オタクロス、そして共に戦った戦友たちに見送られながら、アキハバラタワーを後にしたバン達一行。
それから数十分後、一行はイノベーターの妨害に遭う事もなく、無事にタイニーオービット社の本社ビルへと到着した。
「社長、拓也さん達をお連れしました」
エントランスで霧野に出迎えられた一行は、そのまま彼女の案内で社長室へと足を運んだ。
「バン君、凛空君、それに皆も。拓也から話は聞いている、本当に、よくやってくれた」
「私からも、皆さんに賛辞を送らせてください。

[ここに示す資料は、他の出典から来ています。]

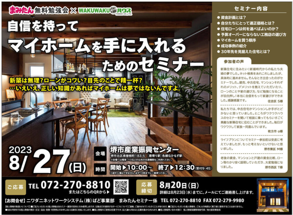 自信を持ってマイホームを手に入れるためのセミナー 参加者募集!

本当に、皆様の活躍には感服いたします」
社長室へと足を踏み入れた一行を出迎えたのは、部屋の主である悠介社長、そして、スーツに身を包んだサラリーマン風の男性。
悠介社長は兎も角、謎のサラリーマン風の男性から出迎えを受けたバン達は、少々困惑する。
そんな中、凛空だけは、違う反応を示していた。
「田中さん!?」
そう、何故なら凛空は、謎のサラリーマン風の男性の素性を既に知っていたからだ。
「凛空、あの人」
いや、正確に言えばもう一人。
ミカも、以前ビーハイヴファミリーとの騒動の際に、彼の事を目撃していた。
最も、顔を見た事がある程度で、名前までは知らないのだが。
「おや、貴女はあの時の……、その後、お変わりありませんか?」
「ん、特には」
「それはそれは、息災そうで何より」
ミカの事を気遣う田中が、ミカとの短いやり取りを終えた所で、不意にバンが田中について悠介社長に尋ね始める。
「紹介しておこう、彼の名前は田中さんだ」
「田中です、どうぞよろしく」
「あの、悠介さん。田中さんって、一体何者なんです?」
「田中さんは、私達の活動に賛同し協力を申し出てくれたんだ。イノベーター、そして、組織を率いる海道 義光の野望を阻止する為にね」
「「っ!!」」
悠介社長の口から告げられた説明を聞き、驚愕するバン達。
一方凛空は、準備が整い次第シーカーとの正式な協力関係を結ぶ、と以前田中が話していた事を思いだし、遂にその時がやって来たのだと悟った。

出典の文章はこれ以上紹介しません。